Group of dreams and hunting - Zamir Shetz
Curator: Tal Ben-Zvi
A video installation functioning as a symbolic territory, as a monument for the artist's place of childhood - Kibbutz Kinneret. The basalt rocks that were brought from this mythological kibbutz constitute the framework within which the biographical, familial and kibbutz institutes are dismantled to their components. At the center there is the patriarchal father institute - the male institutes that are capable of organizing, institutionalizing, disciplining and subordinating the artist's life and the public space in which it takes place, as long as he is present in the kibbutz, and as long as he is absent from it. On the other side there is the mother climbing trees, a meaningless or a functional act within the space in which she lives.
The kibbutz, Zionist territory is revealed as a psychoanalytical field of action in which the father institute and the mother figure dominate the territory and mark it. The hunter, subject to functional logic, uses the mother, the father, anything within this territory, to establish his existence, but the eclectic hunting troubles him and he cannot find peace for himself.
The group of dreams as a location of intimate self-realization of the artist's hallucinations is also revealed as a kibbutz location. The obsessive collectivity undermines the essence of the dream as a visual language in which the subconscious goes through symbolization into a subjective, personal language of symbols. The obsessive and obstinate hunter goes hunting for the object of his desire - he hangs the group of dreams on his belt and observes them being shattered in front of his eyes, collective dreams but also his own.
The two video films, one of a kibbutz assembly and the other of the climbing mother, are shown simultaneously, marking the division of the territory in space and creating a sequence of contrasts. One film of the kibbutz assembly, in which only men appear and speak - a hegemony text with a position of power and influence, against the video of the climbing mother, which appears in three upside-down monitors and dominates the space like a monument, defined by the basalt rocks. In the artist's text that appears in the exhibition, the mother is characterized as a black Yemenite woman, "from afar I heard them grumble, look at the family of apes, look at the black Yemenite woman, teaching her children to be apes like her, she should go back to the desert, who needs something like that…". The artist identifies himself physically as "a dark-skinned dwarf… a sweep monkey who wants to go back to suckling, to warm himself in your familial nest, Mother, on a tree or in the desert…". The physical otherness, identified with the other according to his own words, causes a distancing from the territory of childhood, while the father institutes, as they are represented in the kibbutz assembly, demand that a decision be made of tribal loyalty and staying.
The assembly video presents a discussion regarding the expiration of the membership in Kibbutz Kinneret. The assembly discusses the expulsion of kibbutz members whose situation is similar to that of the artist: members of Kinneret who are over 28 years and have still not notified the kibbutz whether they are formal members or not, a condition of uncertainty undermining the set of rules underlying the kibbutz logic, as defined by the young members' representative: "There is a young people's course, a course that defines a situation… they have to decide whether they want to be here or they don't want to be here.
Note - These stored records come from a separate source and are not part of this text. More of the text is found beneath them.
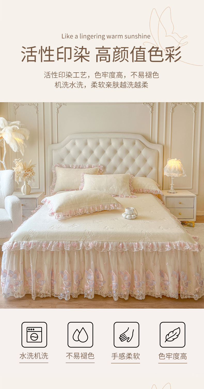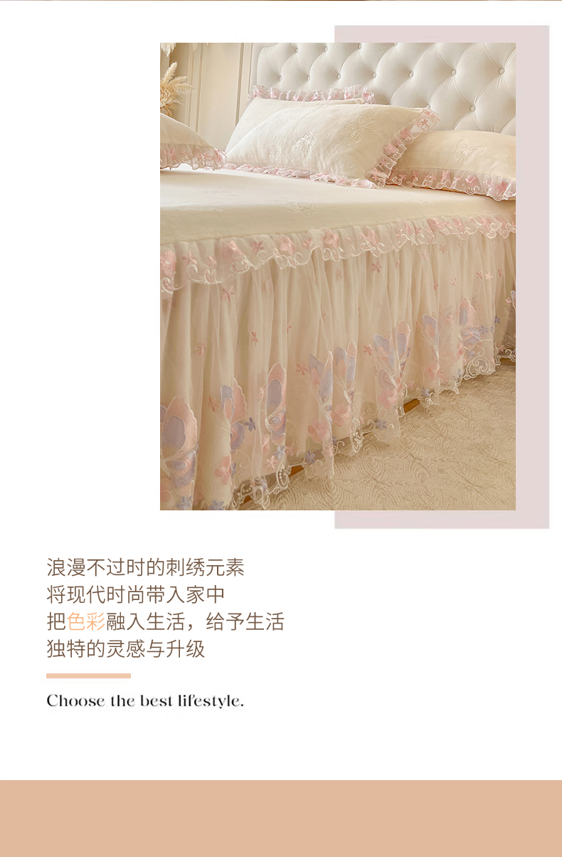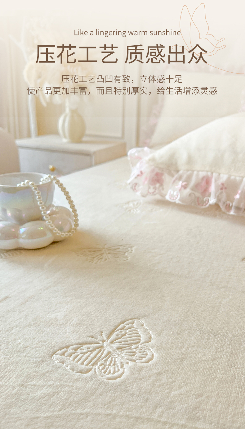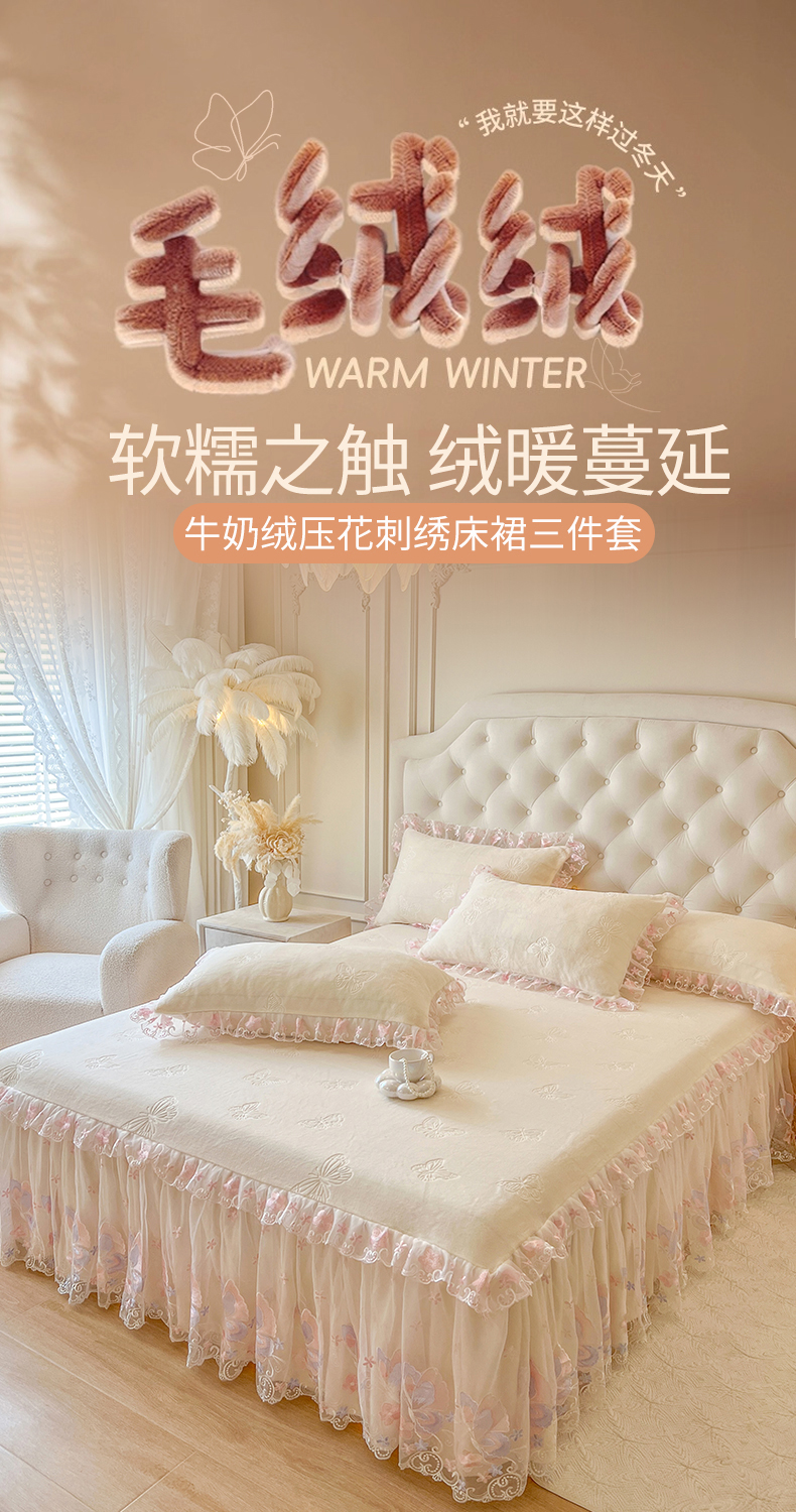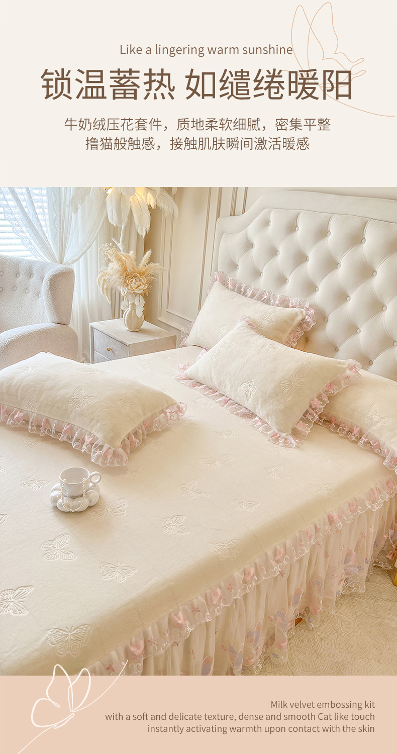 • 91家纺网 家纺一手货源 找家纺 网红馆(ck家纺) 2025新款牛奶绒刺绣单床裙 床裙单件-蝴蝶纷飞系列 蝴蝶纷飞-米
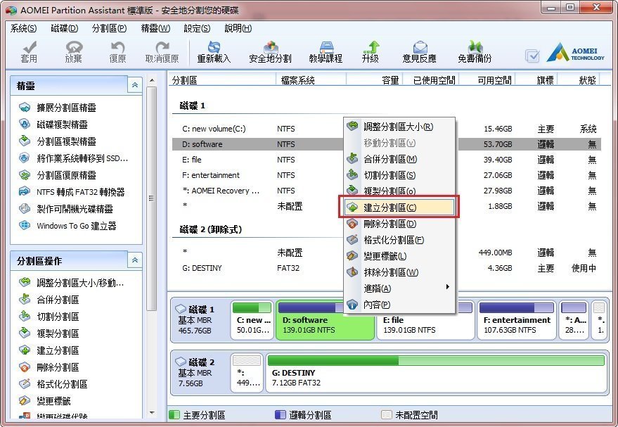 AOMEI Partition Assistant提供兩種方式去創建分割區,請選擇您覺得最便捷的方式。
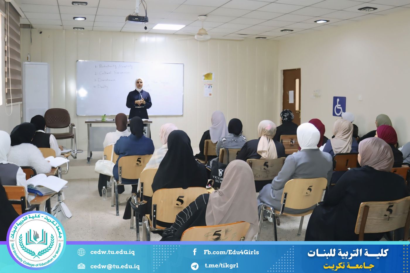 أقامت كلية التربية للبنات – جامعة تكريت / قسم اللغة الإنكليزية، بالتعاون مع مركز التعليم المستمر، دورة تدريبية بعنوان (Essential Skills and Qualities of Successful Language Teachers)، وذلك ليومي الأحد والاثنين الموافق 5–6 / 4 / 2026، على قاعة المرحلة الثالثة
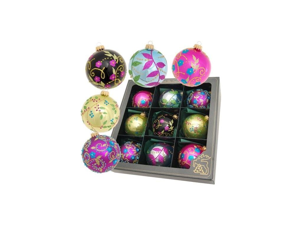 Ručne zdobené sklenené vianočné gule – farebná kolekcia Magic Forest (9 ks, Ø 8 cm)
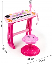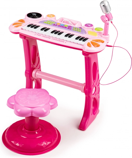 S touto hračkou se vaše dítě může ponořit do světa melodií, zvuků a skládat si vlastní písně. Keyboard vypadá jako opravdový nástroj a je dodáván se stoličkou pro pohodlné sezení před klávesy.
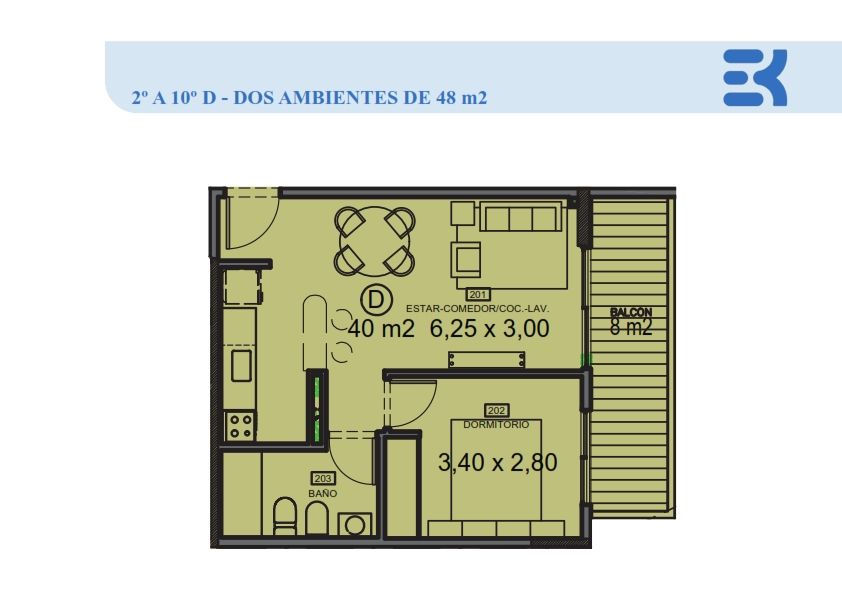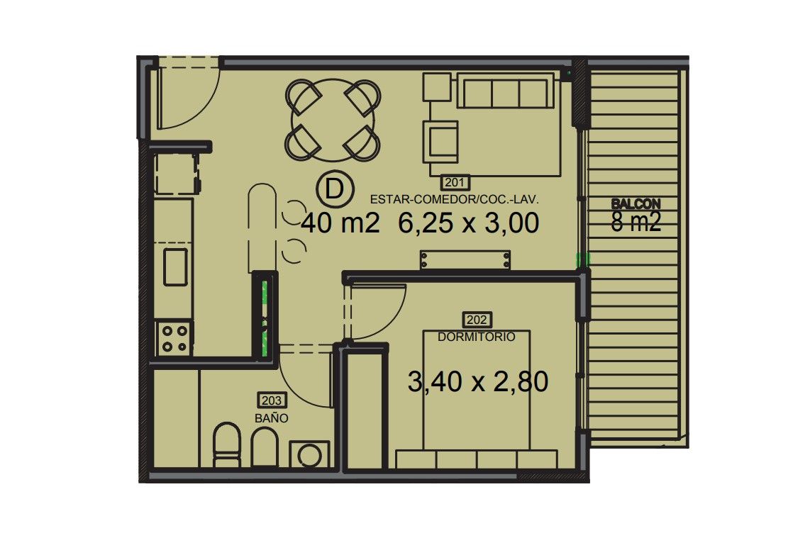 Superficie total: 48m2.- Cubiertos: 40m2.- Balcon: 8m2.- Agua caliente central. Artefactos de cocina a gas natural con campana de extraccion. Mesada tipo Silestone y Griferias tipo FV. Carpinterias de alta calidad con Doble vidrio Hermeticos.

They can't continue to "float". After all, they can come here tomorrow and decide that it's their right to get a job in the kibbutz." The institutes demand the obedience of the absentee, the members who are indecisive of their belonging/not belonging, an intermediate state on the verge of expulsion or return.
The video film of the kibbutz assembly divides the screen into two windows, one showing the kibbutz assembly as broadcast on an internal video channel to all the kibbutz members, and the second showing the artist's reaction to the assembly. It is a kind of "deaf people's dialogue", in which the assembly takes place within an inner world, shown to a domestic and loyal audience, while the artist's reactions that attempt to dominate the screen remain outside of the text, outside of the discussed territory, outside any position of influence. In front of the television screen showing the kibbutz assembly, small kindergarten chairs are arranged. The socialization process includes within it automatic acceptance of the assembly's values, while the space is surrounded by dozens of clocks that have stopped working. Clocks that despite their fixation show the correct time twice a day, perhaps everything that remains from the absolute truth that appears in the assembly.